Certainly the pair of WBC shutdowns at the hands of top Japanese aces Daisuke Matsuzaka and Hisashi Iwakuma (along with several adept relievers) was a distinct embarrassment. Nonetheless, the string of which Ray writes is something of a distortion since it narrowly assumes what might be considered as Cuba’s games against “top level pitchers” – it is all a matter here of which games one might chose to include in the list.

First of all, remember that in the first game of the string that Ray cites, the opener at the Beijing Olympics, Cuba was actually the winner (by a 4-2 count) and not the loser of that contest. Sure enough the Cubans didn’t score in the final four frames versus the tandem of Tanaka, Naruse and Fujikawa; but they did ring up four tallies against Japan phenom Yu Darvish, now an ace hurler with the American League Texas Rangers and arguably Japan’s best arm in Beijing.

And then between the two disastrous WBC II matches in San Diego and the current series there were also two all-too-easily forgotten games played between a Cuba B squad (featuring such regulars as Alexei Bell, Rudy Reyes and Eriel Sánchez) and a Japanese club at the July 2010 Haarlem Baseball Week.

In the first match Cuba dominated 6-0, tallying all the runs (5 of them earned) against starter Yudai Ohno who lasted a full 7.1 innings. Freddy Alvarez (with one inning of relief from Norberto González) hurled the shutout. The second meeting between the same clubs in Haarlem featured a rematch between Ohno and Alvarez and this time the Japanese ace came out on top 4-2; but again Cuba plated two runs and banged 7 hits against right-hander starter Yudai Ohno.

Now granted, this was a Cuba B team playing a somewhat less-potent Japanese lineup in a second-level tournament. So why do I say that the Haarlem results seem to disqualify Ray’s claim of a 38-inning shutout streak?

I can make the claim simply because the Cubans (with a lineup that had current team members Bell and catcher Yulexis La Rosa in the batting order) scored eight times in two games against Chunichi Dragons star Yudai Ohno, also a current member of the pitching staff that just faced Cuba on the present tour.

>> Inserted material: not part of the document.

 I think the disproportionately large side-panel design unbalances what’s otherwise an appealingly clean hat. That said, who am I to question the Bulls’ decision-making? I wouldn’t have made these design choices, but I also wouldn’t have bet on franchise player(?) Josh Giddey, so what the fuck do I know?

If Ohno (who pitched two-thirds of an inning in Friday’s opener) is one of Japan’s front line pitchers at the moment, he also was one of their best young arms two summers ago in Haarlem. It is also worth mentioning here that the disappointing Japanese team at the 2011 World Cup in Panama won only two games and did not make it into the second round (and thus did not face the Cubans).

Admittedly that team didn’t feature any of the pitchers on this week’s roster; put the hurlers in Panama were apparently of high enough quality for Japan’s brain trust  to use them during the final World Cup event. One wonders how effective those Japanese pitchers might have been against a Cuban club that made it into the Gold Medal Game in Panama City.

I am certainly not disputing Ray’s well-taken point that the Cubans have not performed exceptionally well against the best Japanese arms in recent years. Without a shadow of a doubt there must be some solid improvement in clutch hitting on the part of Despaigne, Cepeda, Gourriel and company before the crucial March rematches in Fukuoka (WBC Round I) and perhaps Tokyo (WBC Round II).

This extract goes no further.